LAWS(MAD)-2000-6-19

RAMAKRISHNA STEEL INDUSTRIES LTD Vs. UNION OF INDIA

Decided On June 08, 2000
RAMAKRISHNA STEEL INDUSTRIES LTD., KARAMADAI Appellant
V/S
UNION OF INDIA Respondents

JUDGEMENT

(1.) This appeal is directed against the order of the Railway Claims Tribunal at Madras in O.A.I. No. 1643 of 1990. The claimant is the appellant in the above appeal.

(2.) The appellant being a consignee/purchaser of one wagon load of Bentonite powder from the supplier M/s. Ashapura Minechem Private Limited, Bhavanagar sent from Bhuj (Western Railway) to be sent to Karamadai (Southern Railway) on 9-5-1987 under an invoice in Wagon No. 33255. According to the claimant, since the goods did not arrive even after a lapse of more than 3 months, they were sending letters to the Railway Administration on 27-8-1987 and thereafter also. It was only on 4-11-1987, they were informed that only a part of the goods had arrived through a different wagon at Karamadai and claimant could not take delivery of even part of the load of bentonite powder as the entire consignment was totally in a damaged condition and that therefore on the same day, the claimant preferred a claim for compensation before the Railway Administration. But the Claims Officer, without properly appreciating the reasons for not taking delivery and also without considering the other factors resulting in the total damage of goods, had rejected the claim. The claimant again sent a letter on 27-1-1988 fully explaining the circumstances, but the Claims Officer merely persisted in blaming the applicant. A reply was sent by the claimant on 18-2-1988 and more than six months after the arrival of the goods, the claimant received a communication dated 22-8-1988 from the Chief Goods Superintendent purported to be a notice under Sections 55 and 56 of the Indian Railways Act, 1890 (hereinafter referred to as "The Act"). The said notice was illegal and a reply was sent by the claimant on 5-9-1988. Subsequently after exchange of further correspondence, from the letter of the Chief Claims Officer, Madras dated 10-5-1989, it appeared that he was prepared to reconsider the claim, but without settling the claim, the claimant was directed to pay the alleged dues towards demurrage. The said demand was illegal. The claimant further contendd that the Railways was liable to pay Rs. 13,617.69 towards compensation for damage, deterioration and non delivery of goods with future interest at 6% per annum. The loss and damage had been occasioned only as a result of the negligence on the part of the Railway Administration.

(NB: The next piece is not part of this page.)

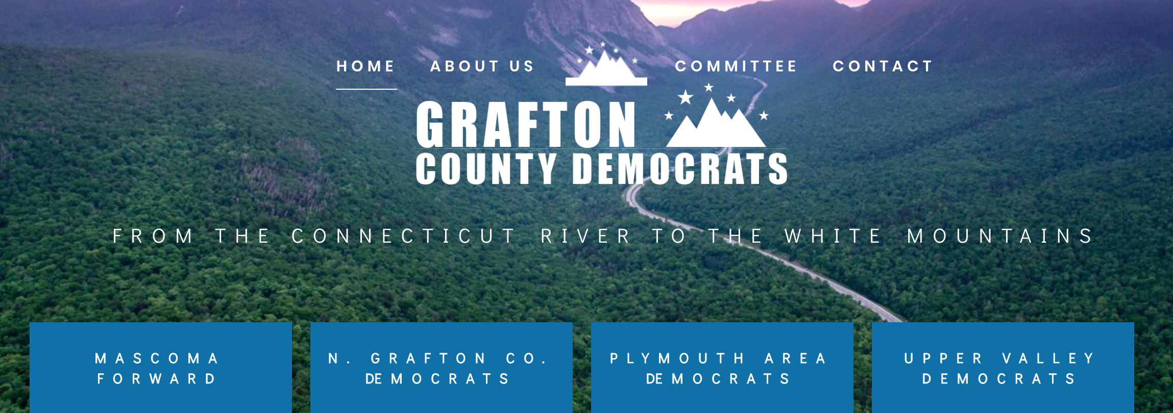 Grafton County is the second largest county in New Hampshire by area. Because of our unique geography, we are split into 4 regional committees; Mascoma Forward, Northern Grafton County Democrats, Plymouth Area Democrats and Upper Valley Democrats.

(3.) In the reply statement, the Railway Administration contended that the consignment had been booked by the claimant, the consignment was carried to the destination with due care and caution. The respondent also denied that the consignment was entrusted in a sound condition. The Railways was not guilty of any negligence or mis-conduct and hence not liable for the alleged non-delivery. The claimant had refused to take delivery on his own view that the consignment was damaged. The consignee was not entitled to refuse to take delivery and it was open to him to claim for damage due to him only after taking delivery. It was further stated that the consignment was auctioned for Rs. 6,305/- after observing all the legal requirements and that a sum of Rupees 10,793/- towards freight charges and Rs. 62,416/- towards demurrage charges were due to the Railways and as such the Railways had a lien over the sale price of the material. Hence the Railways was not liable to pay any amount to the claimant.